I have experienced this transformation. After 7 years studying physics in Boston, I unexpectedly found myself working on a vegetable farm outside of the city by the sea. In sunny fields of flowers and plants slouching under the weight of blushing vegetables I formed relationships. On the land, through community, exercise, growing food, and learning from nature I witnessed transformative healing. I experienced wellbeing and balance for the first time.

New workers on the land appeared to awake from a stress dream of modern life. Healing related to alcoholism, ptsd from war, a member of an isolating religious cult, a man who lost a child, dealing with life right after divorce, and a high school dropout looking for direction. I began to heal from a decade of self medicating, depression, and an unbalanced existence.

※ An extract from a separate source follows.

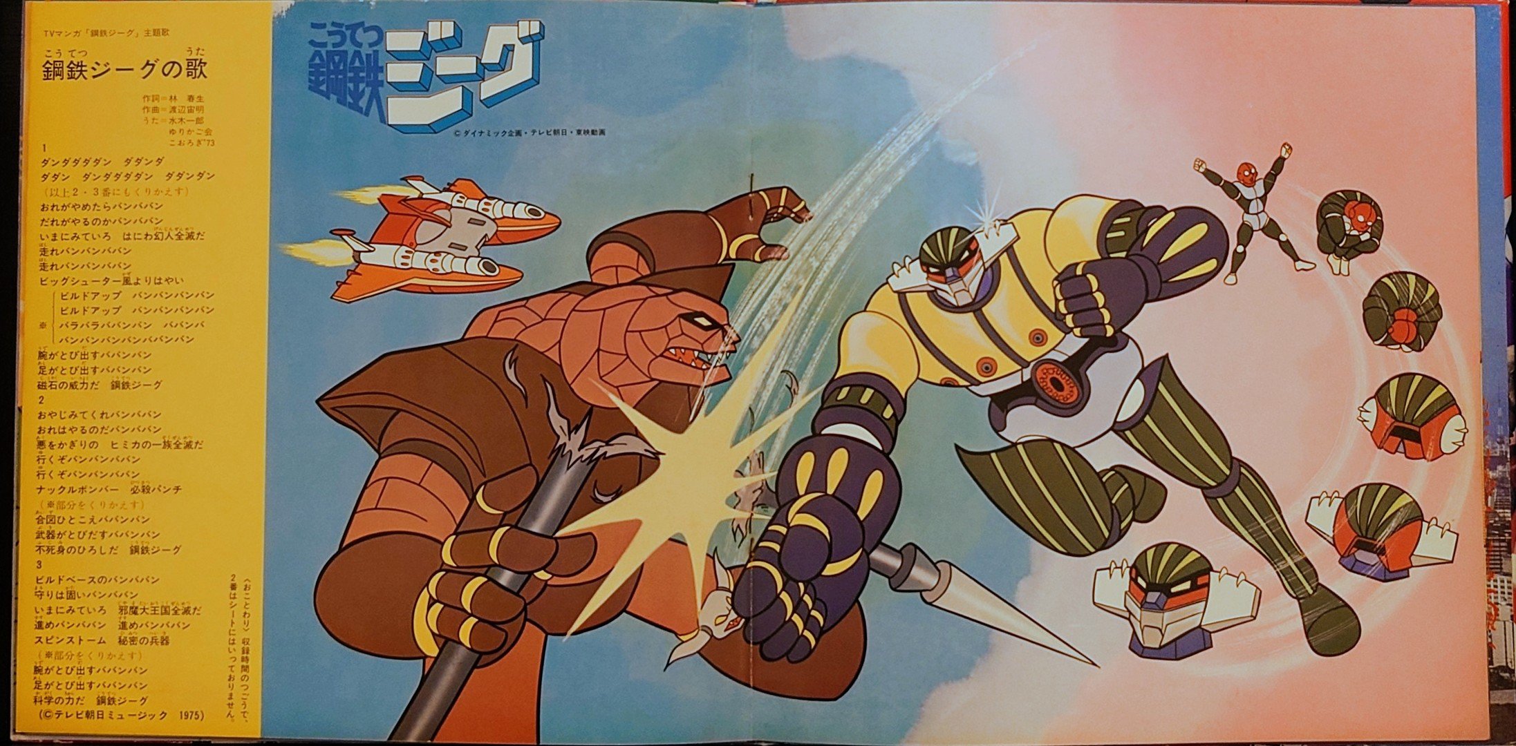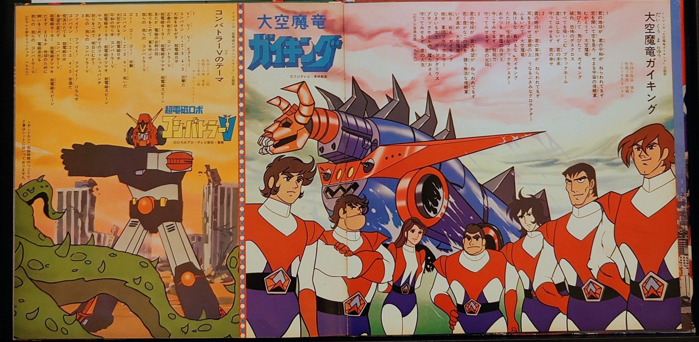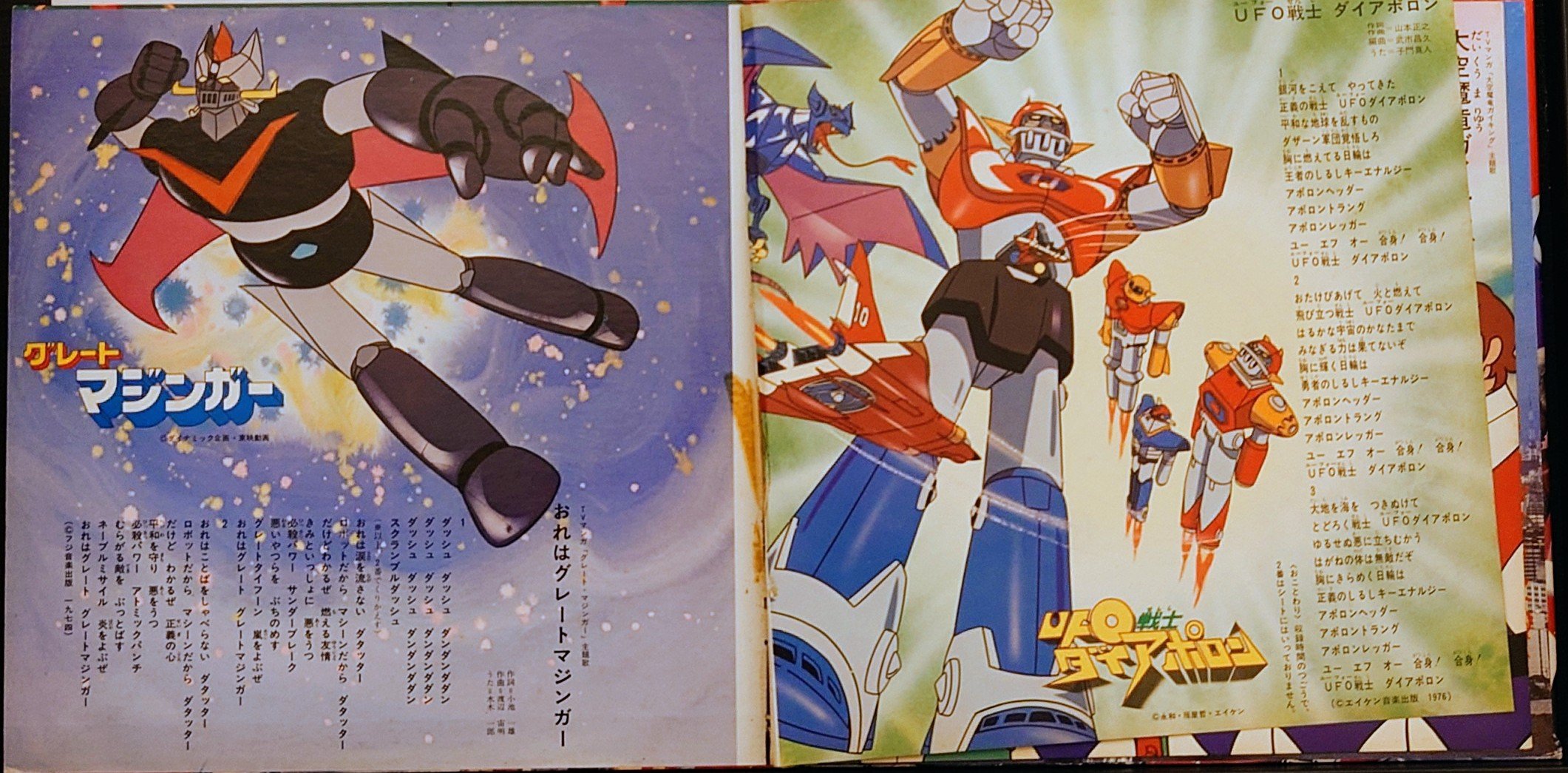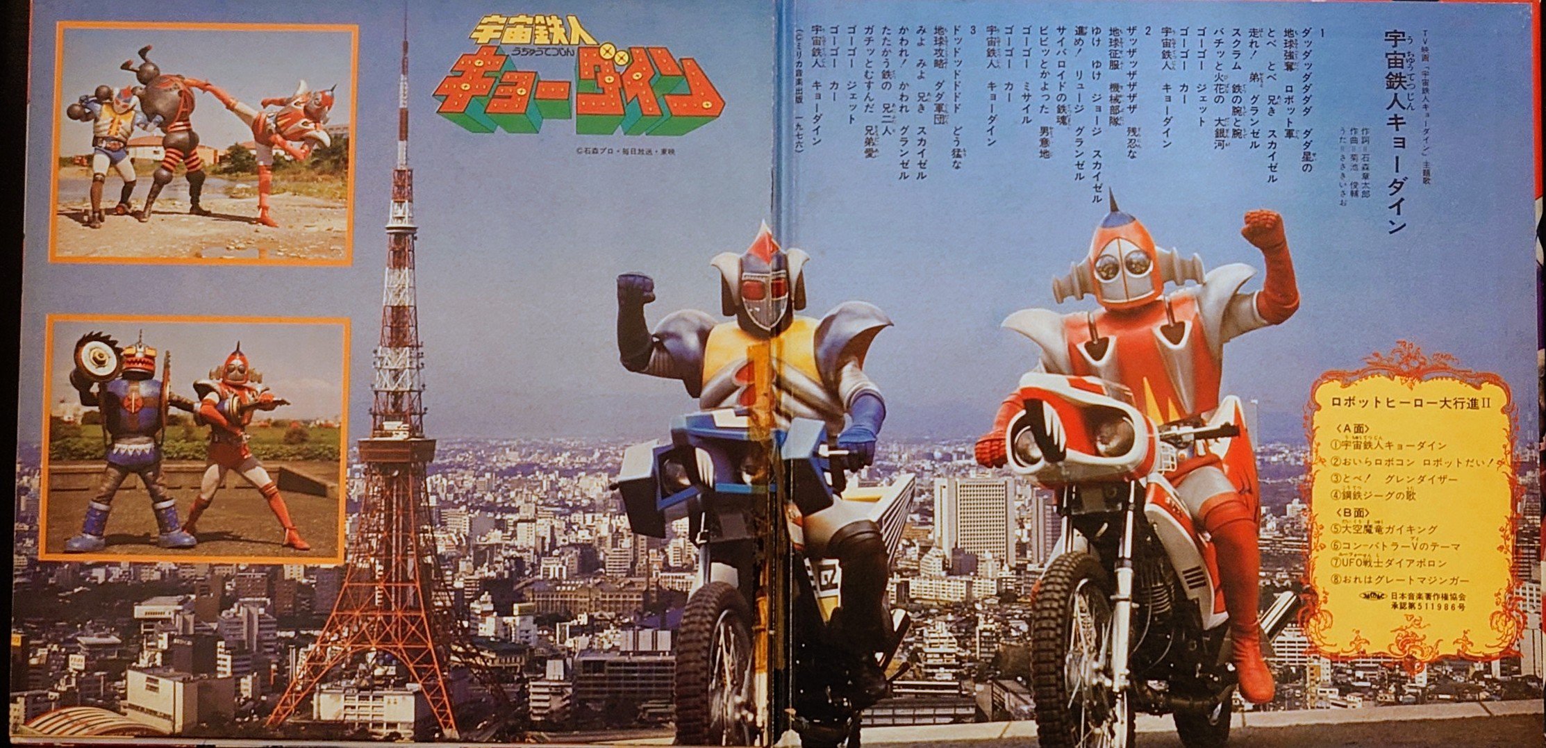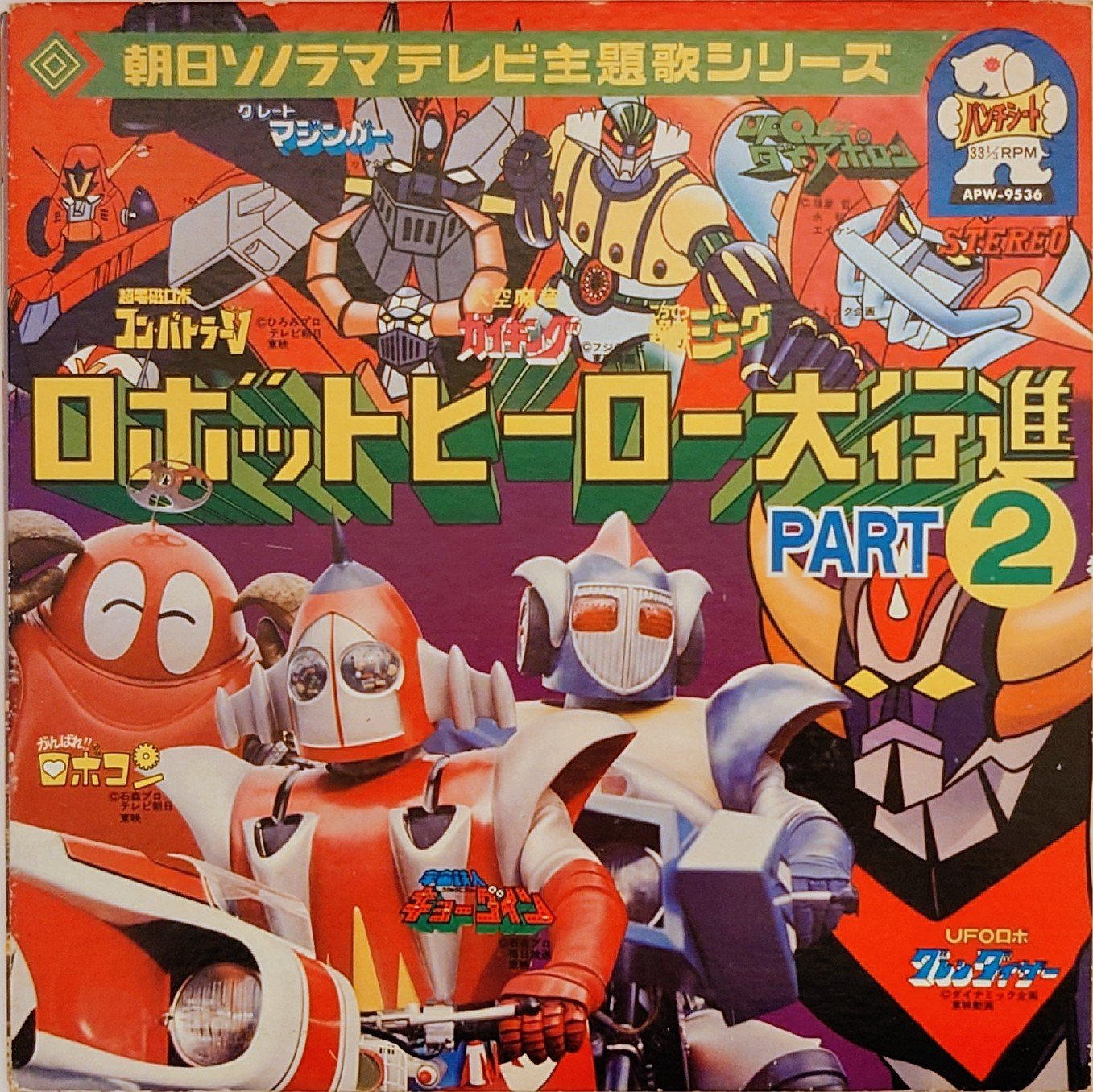 朝日Sororama電視主題歌集 < 機械人英雄大行進2 > 1976 8寸紅色軟盤 朝日ソノラマテレビ主題歌シリーズ < ロボットヒーロー大行進PART2 > 1976 赤盤ソノシートレコード 主打動漫主題歌包括: 天地雙龍, 小露寶, 巨靈神, 金鋼飛天鑽, 宇宙癹龍, 超力電磁俠, 太寶郎, 鐵甲萬能俠2號等8首名曲. 日本生產 / Made in Japan 8寸紅色軟盤為照和時代常用作卡通唱片的特別尺寸, 每面通常包含4首歌曲, 本來沒有側紙. 唱片狀況良好沒有明顯花痕, 因出品年代久遠, 封套/內頁有若破損及干使用痕跡, 決定購買前請小心考慮, 不設退換. 一般在石硤站交收, 另可按買家要求安排順豐送貨. 収録曲/TRACK LIST A1 宇宙鉄人キョーダイン A2 がんばれ!!ロボコン A3 UFOロボ グレンダイザー A4 鋼鉄ジーグ B1 大空馬竜ガイキング B2 超電磁ロボ コンバトラーV B3 UFO戦士 ダイアポロン B4 グレートマジンガー

With the arrival of winter came snow and we disbanded. I looked for a place where this transformation could be sustainable on earth. That led to a plane flight, a conversation with a man in the forest, an introduction to a tribe of systems thinkers. An opportunity exists to use some of my life to co-create a system to cultivate resilient wellbeing for individuals, communities, and ecosystems. I hope the idea of creating a land-based place of learning, transformation and resiliency becomes less of an anomaly, and a path of many interwoven as we as a species move through time.